> Task item:
Leaving out pictures, output exactly the lines below from the one that has "En el mes de" through the one that has "У січні 2026", and nothing else.

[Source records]
%%
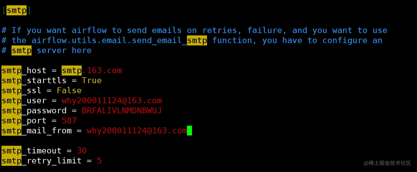 port:SMTP服务器端口,163邮箱为25,QQ邮箱为465或587
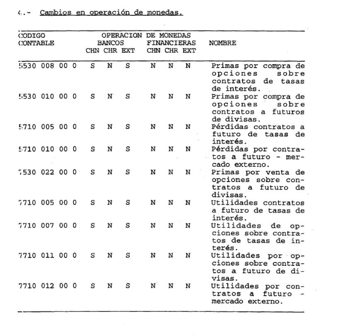 Por otra parte, dado que las normas del Banco Central de Chile permiten utilizar, en estas operaciones, moneda extranjera no adquirida en el mercado bancario formal y permiten no retornar y liquidar la moneda extranjera obtenida, se han simplificado las instrucciones contables admitiendo la imputación directa en moneda extranjera o en moneda chilena, según proceda.
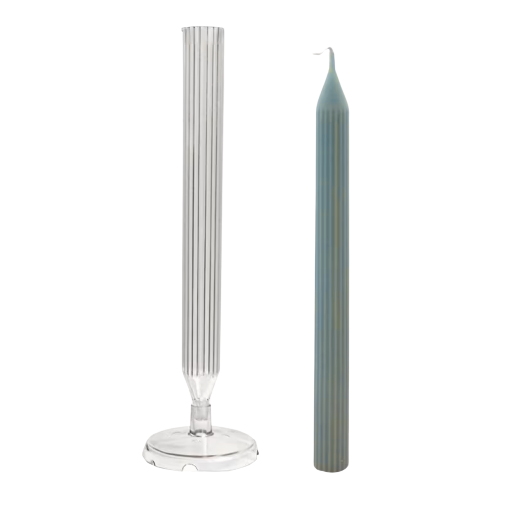 Create elegant ribbed taper candles with a classic finish. This reusable clear plastic mould is ideal for beeswax and wax blends, producing tall, refined dinner candles with crisp vertical detailing.
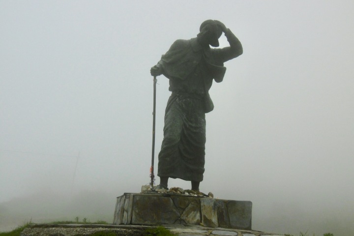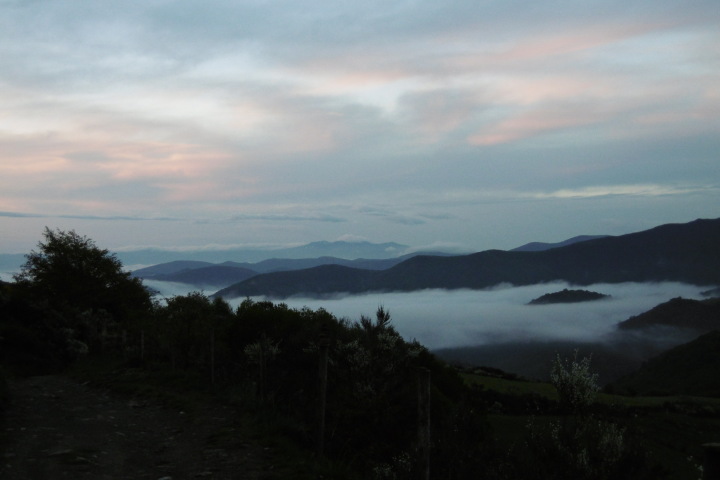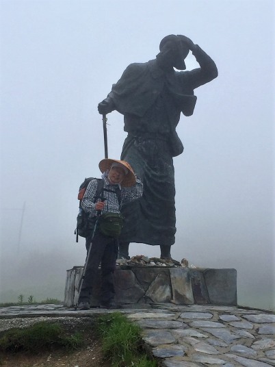 雲海が見えたり、山の雄大な景色を拝めたりと良い事もありました。 最初の村La Laguna ラ・ラグナの近くになると大きな犬が出てきて前を進みます。何となくこの犬に導かれるように進んで行くとバルがありました。ここで朝食、あの犬はここの飼い犬のようでした。 オ・セブレイロにあるサンタ・マリア・ラ・レアル教会は9世紀に建てられた巡礼路で最古の教会、中はキリスト像があるだけの極めてシンプルな教会です。近くにケルト時代から続く茅葺きの円形住居跡Pallosa パジョッサもありました。 昨日から喉の調子がイマイチな事もあり、今日は無理をせず、当初予定の場所より7km手前の村に泊まることにしました。宿に着くなり雨が降ってきて、いいタイミングでした。 今日のハイライトはロシアから来たナターシャ。荷物をゴロゴロ転がしながら厳しいアップダウンを歩いています。普通はこういう荷物はトランスポートして軽装で歩きますが、彼女はこの形でサン・ジャンを4月23日に出発してここ迄来たとの事。大国ロシアの人のやる事は常識では測り知れません。スタイルも「ちょっとそこまで散歩に」という風。でも、ソニーのデカイ一眼レフを持ってました。 |
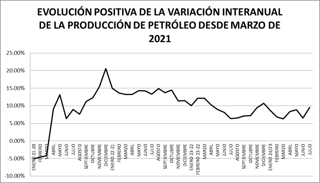En el mes de julio de 2024, en petróleo crudo, se muestra un crecimiento interanual en sintonía con la evolución normal.
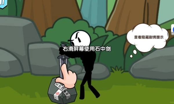 查看隐藏的剧情提示,同时右滑屏幕使用石中剑。
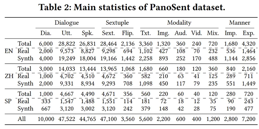 为确保基准的通用性,数据集包括三种主流语言:英语、中文和西班牙语。作者从现实世界来源收集数据,进行了精心的手动标注。为了扩大数据集的规模,作者进一步利用 OpenAI GPT-4 自动生成数据,并结合多模态检索技术进行扩展。严格的人工检查和交叉验证确保了高质量标准。PanoSent 总共覆盖了 10,000 个对话。表 1 对 PanoSent 与现有的一些多模态细粒度情感分析数据集进行了对比分析。
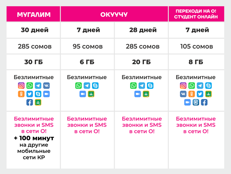 Тарифные планы «Мугалим», «Окуучу» и «Переходи на О! Студент Онлайн» значительно выгоднее обычных. Каждый из них адресно нацелен на свою аудиторию и включает разные «фишки», но общее у них одно — в них есть все необходимое не только для учебы и обучения, но и для общения:
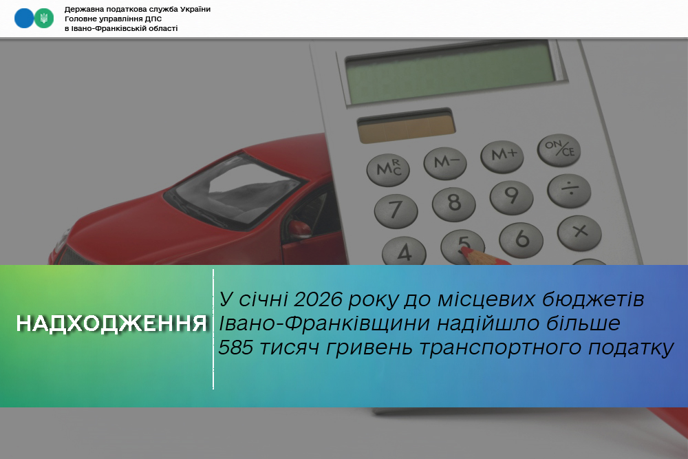 У січні 2026 року до бюджетів територіальних громад Івано-Франківщини надійшло 585,2 тисяч гривень транспортного податку, що на 182,2 тисячі гривень більше порівняно з надходженнями за січень минулого року. Про це повідомили в Головному управлінні ДПС в Івано-Франківській області.
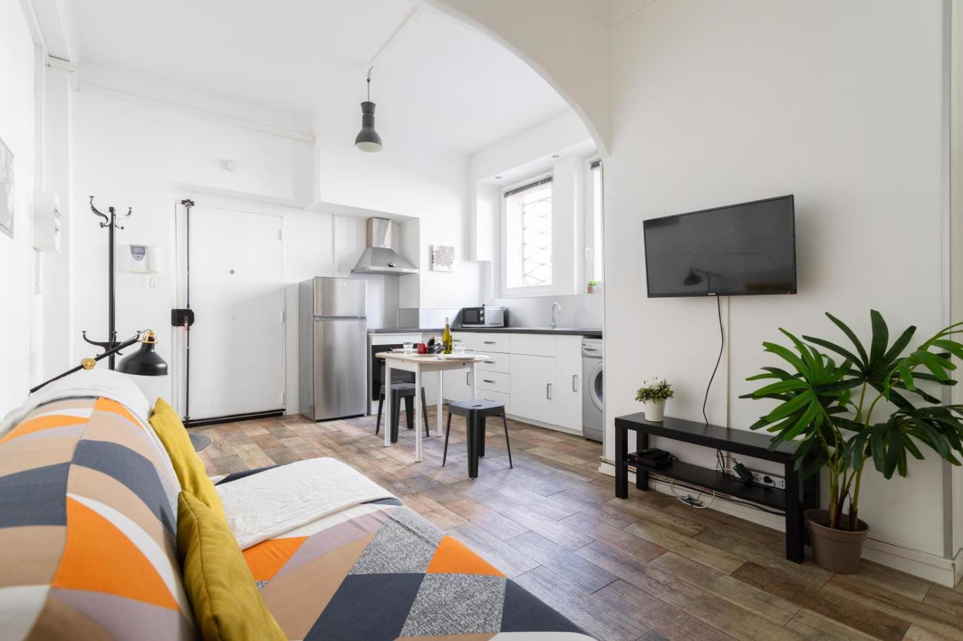 Studio Apartment. Boasting a private entrance, this apartment includes 1 living room, 1 separate bedroom and 1 bathroom with a shower and a bidet. Meals can be prepared in the kitchen, which has a stovetop, a refrigerator, kitchenware and an oven. This apartment has a washing machine, a coffee machine, a flat-screen TV with satellite channels and a balcony. The unit has 2 beds.
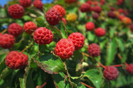 Kousa, kousa dogwood, Chinese Korean Japanese dogwood. Close up of bright red autumn fruit on Cornus kousa tree in garden
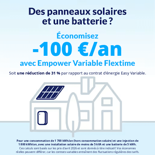 Combien ? Avec Empower Flextime, vous pouvez économiser jusqu’à 100 euros par an, soit 31% de réduction par rapport au contrat Easy Variable, avec une consommation de 1700 kWh (prélèvement) et une injection de 1800 kWh par an.
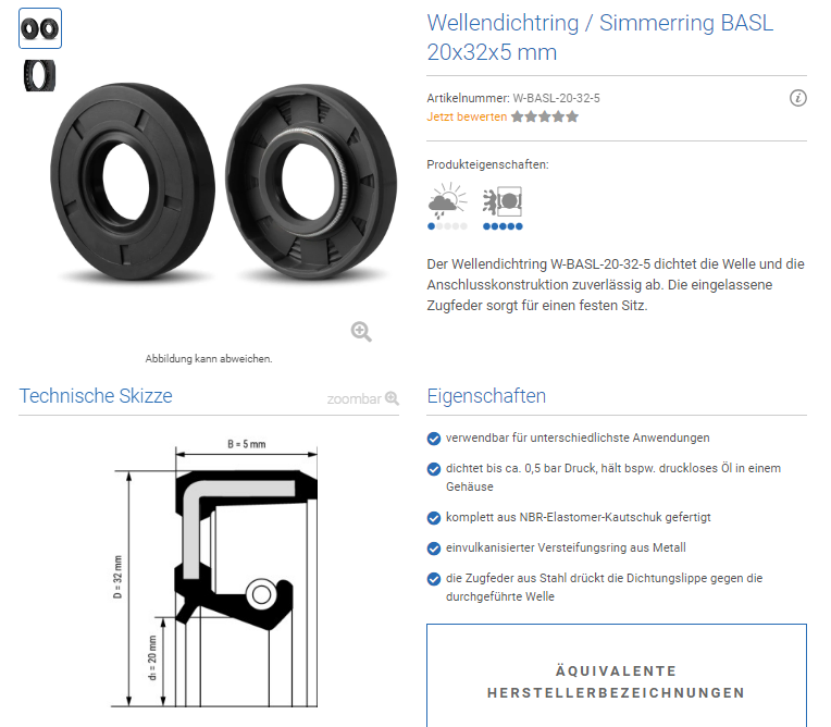 Es müssen ja auch die zwei Wellendichhtringe neu bestellt werden, die auf den Distanzbuchsen laufen und größere Innendurchmesser haben.
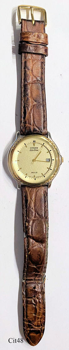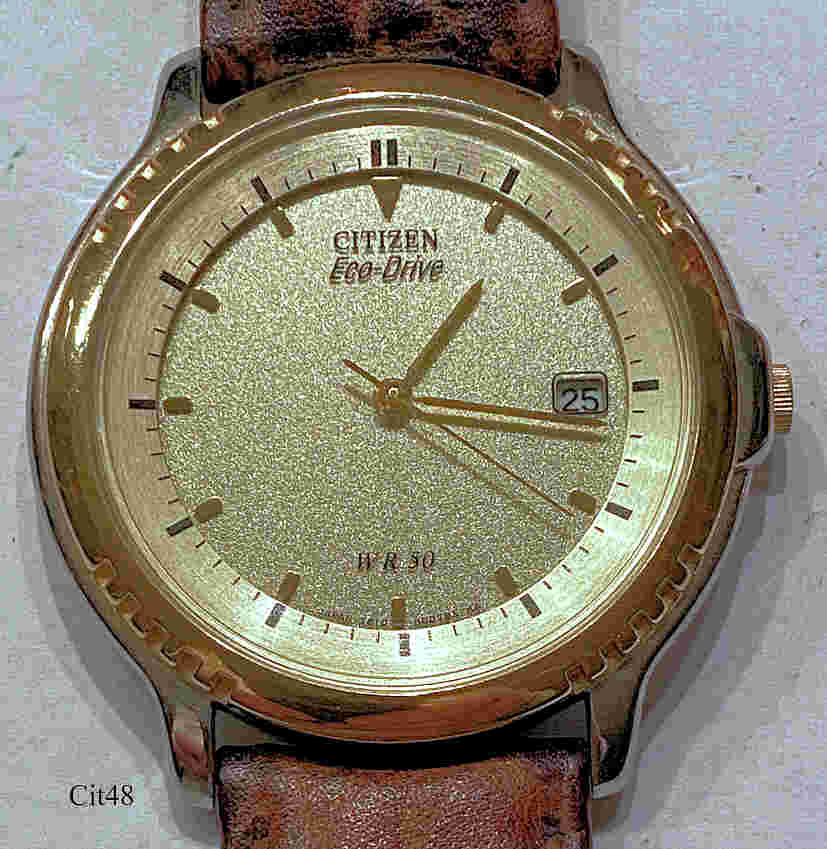 Dies ist eine Citizen Eco-Drive Uhr, Citizen Caliber 7860A, Referenz Nr.: 7810-591955 K, Beschriftet vorn:”CITIZEN, Eco-Drive”, Rückseite:”Citizen Watch Co, Water Resist, Base Metal MPDG, 7810-571622 K 591955, GN-4-S, Japan->4”, innen: ”Citizen Watch Co., No Jewels, 7860A, Japan” Base Metal Gehäuse, Datum bei der 3. Eco drive heißt, daß das Zifferblatt eine Photozelle ist und das Sonnenlicht in elektrische Energie umwandelt, die dann in einem Kondensator GC920 gespeichert wird.
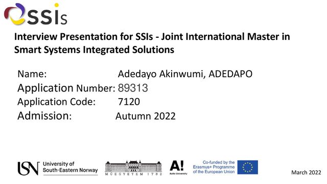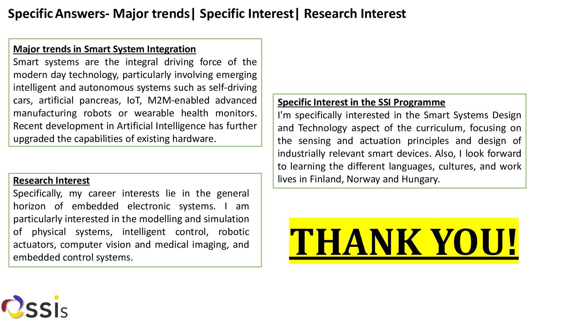 integral driving force of the modern day technology, particularly involving emerging intelligent and autonomous systems such as self-driving cars, artificial pancreas, IoT, M2M-enabled advanced manufacturing robots or wearable health monitors. Recent development in Artificial Intelligence has further upgraded the capabilities of existing hardware. Research Interest Specifically, my career interests lie in the general horizon of embedded electronic systems. I am particularly interested in the modelling and simulation of physical systems, intelligent control, robotic actuators, computer vision and medical imaging, and embedded control systems. Specific Interest in the SSI Programme I'm specifically interested in the Smart Systems Design and Technology aspect of the curriculum, focusing on the sensing and actuation principles and design of industrially relevant smart devices. Also, I look forward to learning the different languages, cultures, and work lives in Finland, Norway and Hungary. SpecificAnswers- Major trends| Specific Interest| Research Interest THANK YOU!
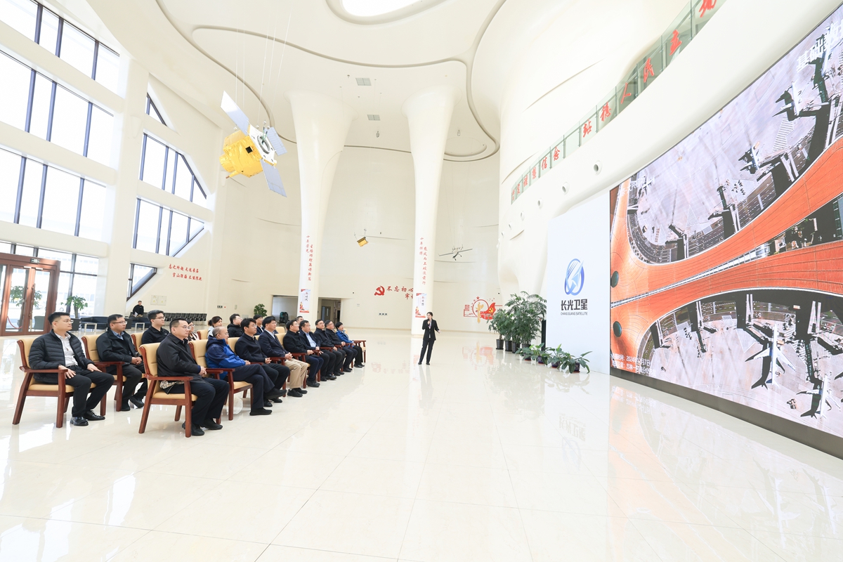 在长光卫星负责人的陪同下,校领导班子成员实地参观了通信卫星研制、光学加工、光栅刻划、相机装调、卫星总装测试等生产试验区域,深入了解卫星研发制造、运营管理和遥感信息服务于一体的全产业链商业模式,现场观看了卫星遥感技术在农林、水利、环保、金融等领域的应用展示。田辉、张希详细询问了企业在技术创新、产品研发、市场应用等方面的进展情况,全面了解校企合作和毕业生在企业的发展情况,并与企业相关负责人就深化优势互补、推动强强联合,加强原始创新和关键核心技术攻关,服务高水平科技自立自强,推动人才培养、产学研合作、科技成果转化、创新创业平台建设等进行深入交流。
%%
> Solved problem:
En el mes de julio de 2024, en petróleo crudo, se muestra un crecimiento interanual en sintonía con la evolución normal.
 查看隐藏的剧情提示,同时右滑屏幕使用石中剑。
 为确保基准的通用性,数据集包括三种主流语言:英语、中文和西班牙语。作者从现实世界来源收集数据,进行了精心的手动标注。为了扩大数据集的规模,作者进一步利用 OpenAI GPT-4 自动生成数据,并结合多模态检索技术进行扩展。严格的人工检查和交叉验证确保了高质量标准。PanoSent 总共覆盖了 10,000 个对话。表 1 对 PanoSent 与现有的一些多模态细粒度情感分析数据集进行了对比分析。
 Тарифные планы «Мугалим», «Окуучу» и «Переходи на О! Студент Онлайн» значительно выгоднее обычных. Каждый из них адресно нацелен на свою аудиторию и включает разные «фишки», но общее у них одно — в них есть все необходимое не только для учебы и обучения, но и для общения:
 У січні 2026 року до бюджетів територіальних громад Івано-Франківщини надійшло 585,2 тисяч гривень транспортного податку, що на 182,2 тисячі гривень більше порівняно з надходженнями за січень минулого року. Про це повідомили в Головному управлінні ДПС в Івано-Франківській області.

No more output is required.